L’examen du projet de loi de Finances (PLF) a dû être arrêté dans la nuit du lundi 3 au mardi 4 novembre pour laisser place au budget de la Sécurité sociale. Le timing reste serré alors que l’expiration des délais constitutionnels pour examiner le texte avant de le transmettre aux sénateurs est prévue pour le 23 novembre, à minuit. « L’Humanité » fait le point sur la copie mise en suspens.

Par Clémentine EVENO et Tom DEMARS-GRANJA.

Le gouvernement Lecornu souhaite éviter de recourir aux ordonnances ou au 49.3 pour l’adoption du budget 2026. C’est en tout cas ce qu’affirme, en écho au locataire de Matignon, la ministre des Comptes publics, Amélie de Montchalin. Cette dernière a assuré, sur le plateau du 20 heures de France 2, lundi 3 novembre, que « tous les amendements votés » par l’Assemblée nationale seront transmis au Sénat.

Le vote, initialement prévu mardi à l’issue de la première lecture de la partie recettes du projet de loi de finances (PLF) pour 2026, n’est plus à l’ordre du jour. Les 2 000 amendements restants lundi – sur environ 3 700 à l’origine – ont rendu obsolètes les délais prévus. La lecture du texte a été suspendue dans la nuit du lundi 3 novembre, vers minuit. Alors que le texte a laissé place à la première partie du projet de loi de financement de la Sécurité sociale (PLFSS), dont le débat est prévu jusqu’au 12 novembre avant un possible retour sur la partie recettes du PLF, voici un tour d’horizon sur ces dernières semaines :

  • Les plus riches préservés

Vendredi 31 octobre, les macronistes, la droite et l’extrême droite ont fait bloc pour protéger les plus riches. Les trois pôles, unis par leur logique ultralibérale, ont voté contre la taxe Zucman, texte vilipendé par les milliardaires et par l’hémisphère droit de l’Assemblée, qui prône l’instauration d’un impôt plancher de 2 % sur les très hauts patrimoines qui échappent à l’impôt sur le revenu. La mesure a été rejetée par 228 voix contre 172, tandis que sa version « light », a aussi été repoussée.

La gauche, unanime concernant la taxe Zucman, s’est néanmoins écharpée sur la transformation de l’impôt sur la fortune immobilière (IFI), apparu suite à la suppression de l’impôt de solidarité sur la fortune (ISF), en 2018, par Emmanuel Macron.
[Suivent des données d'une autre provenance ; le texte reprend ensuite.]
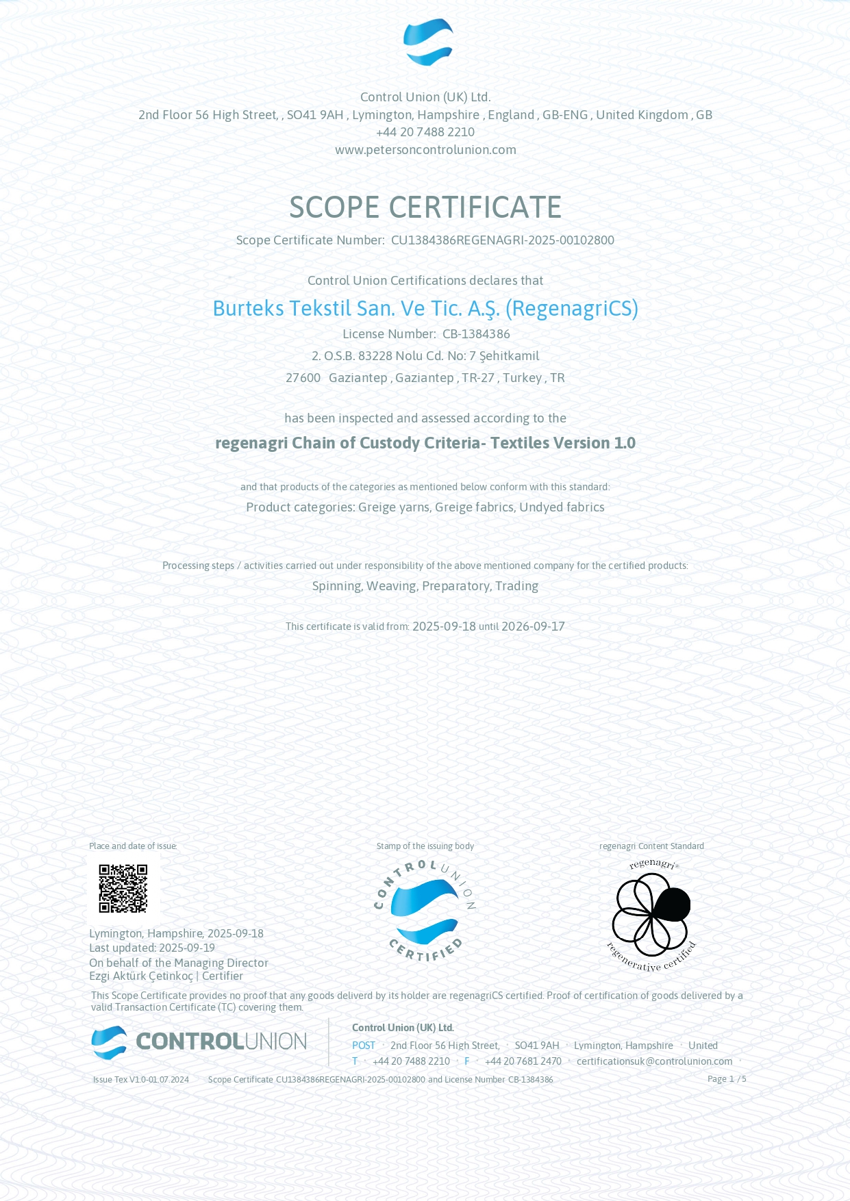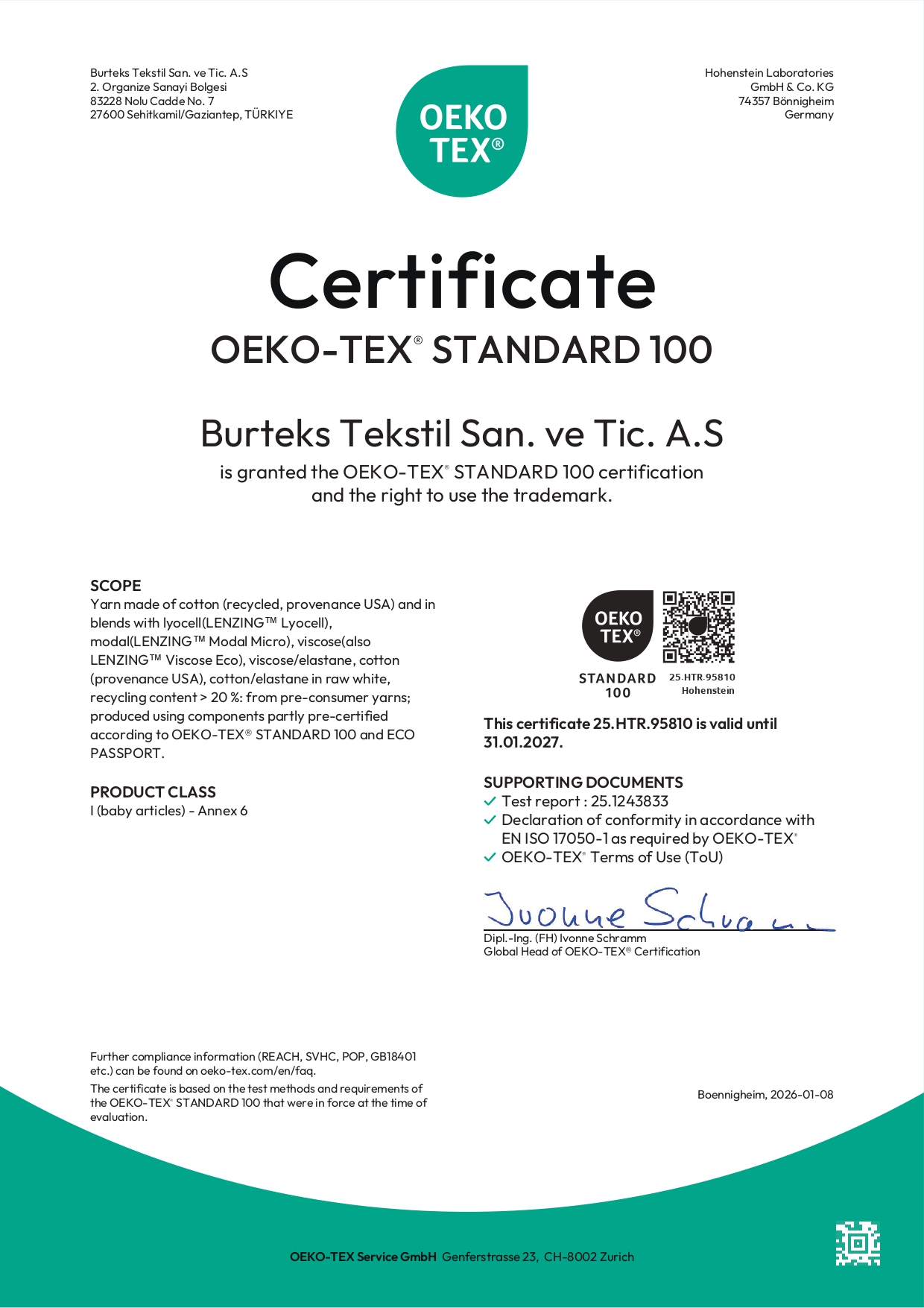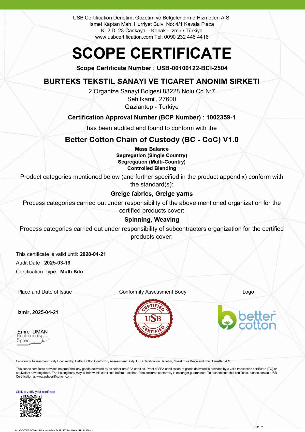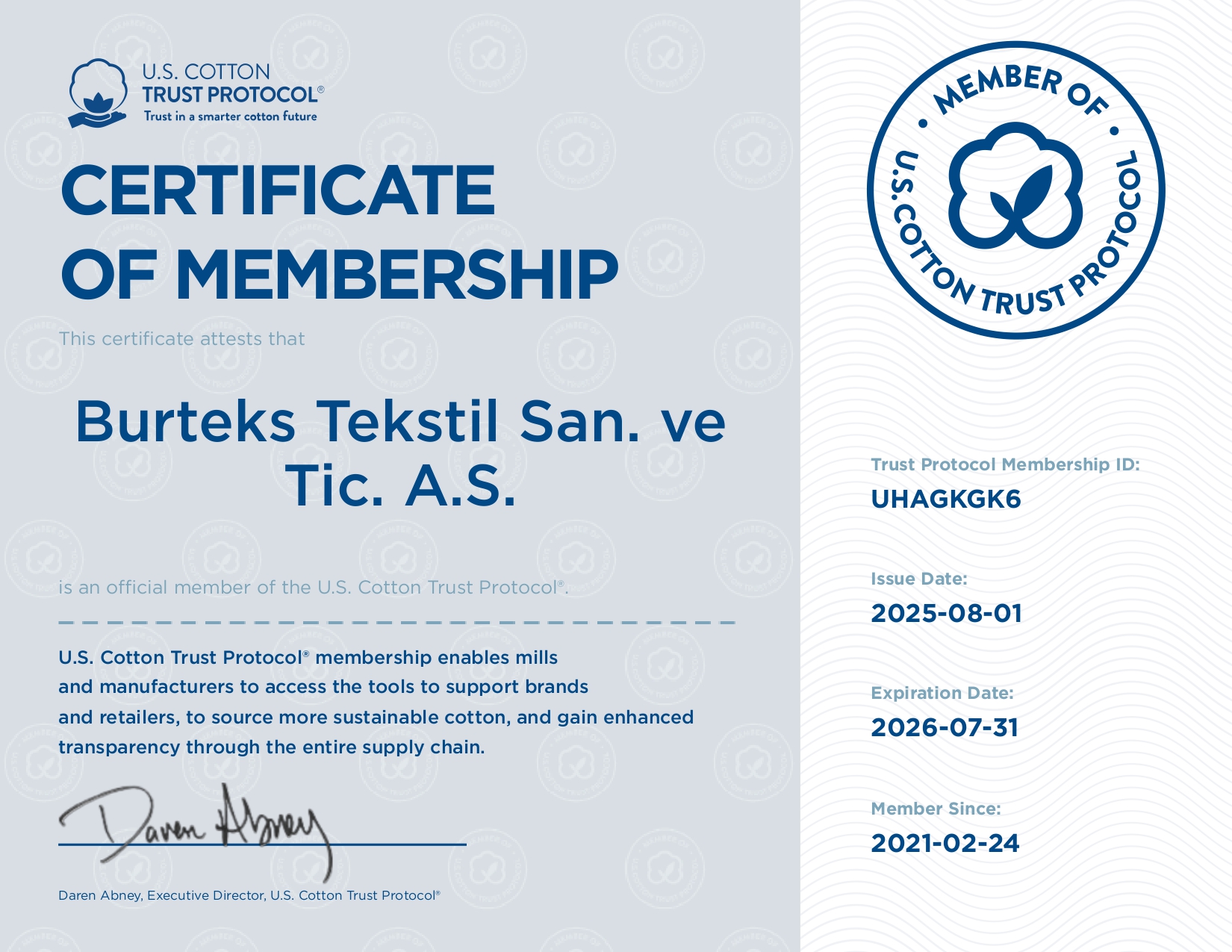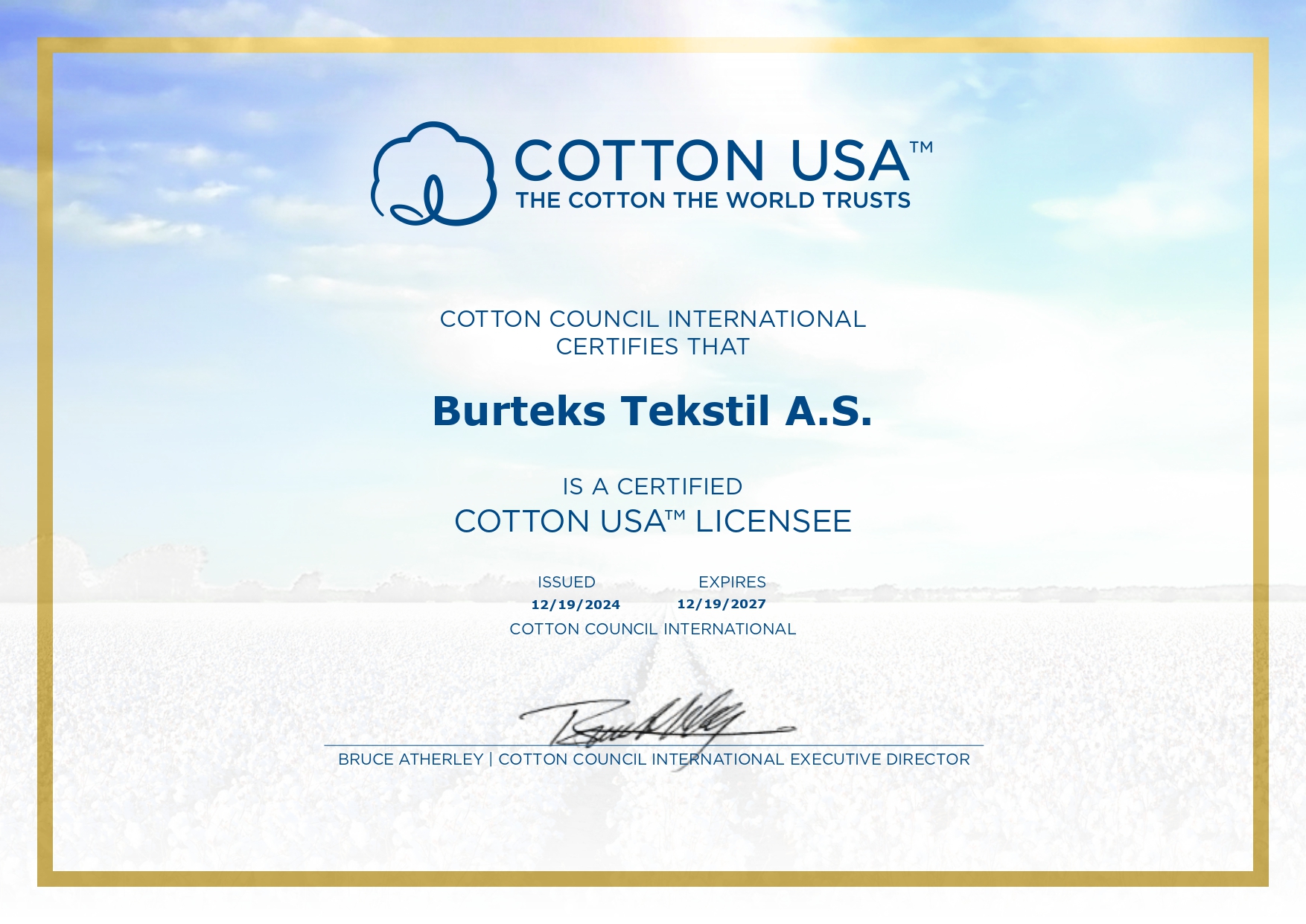 Burteks tekstil sürdürülebilirlik çalışmalarını belgelemek ve bu alandaki kararlılığını göstermek amacıyla birçok uluslararası sertifika ve standarda uyum sağlamıştır. Kalitelerini taçlandırdığı sertifikaları ile üretimlerinin çevre ve insan sağlığına duyarlı olduğunu kanıtlamaktadır.

L’amendement porté par le Modem et complété par les socialistes, a été voté avec les voix des deux groupes cités, avec les voix de Liot et du Rassemblement national (RN). La France insoumise (LFI), les Écologistes (EELV) et le Parti communiste français (PCF) ont quant à eux voté contre la mesure. Les trois composantes de gaucche estiment qu’elle « fragilise » l’IFI, et protègent les plus riches, moins taxés.

  • Retour sur le gel du barème de l’impôt sur le revenu

Une large partie des députés ont rejeté, samedi 25 octobre, le gel du barème de l’impôt sur le revenu. S’il avait été appliqué, 200 000 foyers supplémentaires auraient dû payer l’impôt, rapportant 2 milliards d’euros à l’État. Les élus ont préféré l’indexation de l’impôt sur le revenu sur l’inflation à 1,1 %, comme le proposait un amendement du chef de file des Républicains, Laurent Wauquiez.

Avec la mesure, adoptée contre l’avis du gouvernement par une coalition droite-gauche, sans les socialistes et une partie des écologistes, plusieurs foyers ne paieront pas plus malgré l’inflation. D’autres amendements plus ciblés sur les tranches basses ont été rejetés. « Le gel du barème de l’impôt proposé par le gouvernement et écarté par l’Assemblée est une mesure scandaleuse qui met à contribution les plus petits. Nos propositions, plus de tranches et un taux marginal plus élevé, pour un impôt juste et progressif », a défendu, dans l’hémicycle, le député communiste Nicolas Sansu.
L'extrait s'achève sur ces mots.